10 September 2014

With a strong analog from a cave in Ohio, questions are raised by Clive Finlayson's claim of a cave art 'hashtag' by Neanderthals at Gibraltar


Archaeologists like Finlayson should attempt to explain the existence of a very similar symbolic marking convention in Koonalda Cave, Australia, and Seneca Caverns, Ohio. According to popular wisdom, Neanderthals could not have been in Australia or America. So maybe they could explain how a proposed Neanderthal behavior could have been transferred to another "species" (Homo sapiens sapiens) and to places so distant from Gibraltar.

Just like the Gibraltar example in the article, the Ohio cave grid carvings I discovered are on a flat stone shelf extending from the cave wall and approximately 16 inches above the cave floor. It may have marked an ideal sitting spot. Seneca Cave, Ohio, and Koonalda Cave, Australia, both have underground bodies of water. Koonalda also has deliberate markings on a stone shelf.

One of the Seneca Cave, Ohio, carved grids discovered by Ken Johnston (approximately 25cm wide)


Schematic of Koonalda Cave, Australia

Archaeologists like Finlayson are too quick to attribute art examples to Neanderthals because they have a certain date and time frame for the "arrival of modern humans" in Western Europe. These dates and the certainty of them are quite dubious. They are based largely on association of tool and technology types to different human species or cultures, which is invalid and not supported- even contradicted- by archaeological evidence:

“The discipline has little capacity to determine both cultural and behavioral dimensions, because it has become focused on those of technology to the extent of confusing cultural and technological variables. Stone tools, after all, or their relative combinations within an assemblage, do not define cultures any more than we have knife or can-opener cultures today. Cultures, obviously, are determined by cultural factors, including language, art, constructs of reality, and socially transmitted behavior patterns. Tools and technologies, on the other hand, are often used across different cultures, or members of a single culture might use different combinations of tools. It is for this reason that we may safely assume that most of the “cultures” invented by Pleistocene archaeology are etic taxonomic devices, or “institutional facts” sensu Searle [2] that have no real existence in the past. The same applies to the hypothetical peoples endowed with these cultures, which of course never existed as distinctive nations, tribes, ethnic groups or language groups.” (Bednarik, R.G. The Origins of Human Modernity. Humanities 2012, 1, 2-3).

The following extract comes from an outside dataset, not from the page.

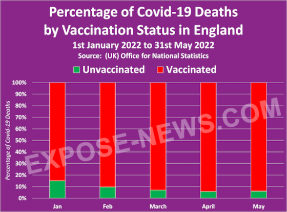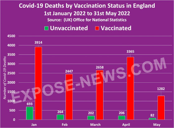 Cei de la The Expose au introdus cifrele prezentate de ONS pentru fiecare lună în următorul grafic care arată decesele de covid-19 pe lună în funcție de statutul de vaccinare în Anglia între 1 ianuarie și 31 mai 2022:

It seems very possible the 'hashtag' motif is a symbolic manifestation of the grids commonly seen entoptically (between the brain and the eyelid) by humans in deep states of shamanic and meditative trances. The pure darkness of caves may have lent itself well to these practices. From OriginsNet.org "Bednarik (1995: 614) argues that one "consistency in early marking is that all the arrangements are recognizable as phosphene motifs: the convergent-lines motif so widespread in rock arts the world over and the structurally related radial motif are among the 15 phosphene motifs of modern humans [Kellogg, Knoll and Kugler 1965]; so are the sets of parallel lines, the dots [cupules] . . ." Again (Bednarik 1994:176): "the prefigurative art of the world, I have claimed . . . is derived from phosphene motifs, and it therefore consists of arrangements and combinations of a known series of form constants (Bednarik 1984, 1986, 1987)."

Perhaps Neanderthals and modern humans had the same cognitive abilities and mind-state alteration practices. Is the cross hatch carving a shared behavior which can destroy the intelligence dichotomy implied by definitions like "Neanderthals" and "modern humans?"

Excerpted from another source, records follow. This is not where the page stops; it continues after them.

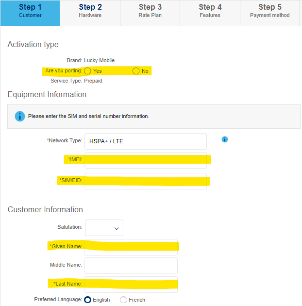 Email address: The customer’s email, or noemail@luckymobile.ca
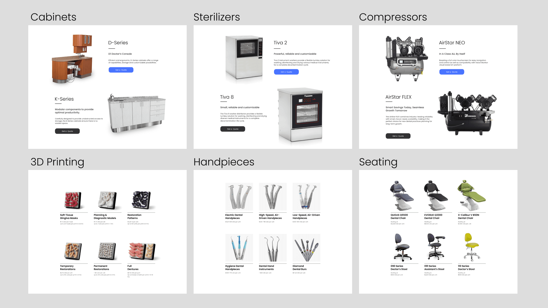 Iteration: Analyzed conversion data, refined underperforming elements, expanded successful patterns to additional products (seating, handpieces, imaging equipment, instruments).
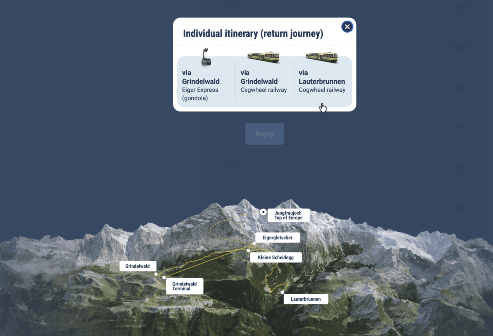 Ao acessar o site da Jungfrau, você poderá escolher a data do passeio e de onde você parte. No meu caso Interlaken Ost . Aqui você precisa prestar atencao e personalizar a sua volta, caso deseje subir por um trajeto e descer por outro. Se não ele automaticamente vai fazer a volta ao ponto de partida.
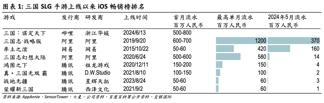 交銀國際預計三謀首月流水能有 5 至 8 億元,和首月流水或破 30 億的 DNF 手遊這種情懷拉滿的怪物沒法比,但不妨看看它的競品遊戲,三國志戰略版 5 月流水為 3.7 億,率土之濱則是 1.6 億。

Or maybe Archaeology should explore the existence of this motif on three continents as an indicator that Neanderthal humans made their way around the world in the many tens of thousands of years they dominated the planet. Maybe they were using stone tools not yet associated with Neanderthals.

Or perhaps the link to Neanderthals cannot be so certain at Gibraltar because modern humans were also purveyors of these grids.

More information is needed to assure us that this Gibraltar find is indeed attributable to Neanderthals. At this time, I do not think this is possible. Meanwhile, ample evidence of Heidelbergensis and Neanderthal art detected by amateur and professional archaeologists is completely ignored by the mainstream discipline because it does not fit its dogma.

If Finlayson is eager to discover Neanderthal art in situ, he might consult with the people who have actually studied it, such as art and religion scholar James Harrod, Ph.D., founder of OriginsNet.org and founding member of The Pleistocene Coalition. There is no sense in looking for art near the supposed c. 40,000 years before present arrival of “modern humans” in Europe where there is substantial room for confusion about which “species” was responsible for it. Their art may be found in much older contexts if one knows what to look for. Or better yet, maybe we should consider it all our art, that is, the art of human beings, which dates to the dawn of our existence.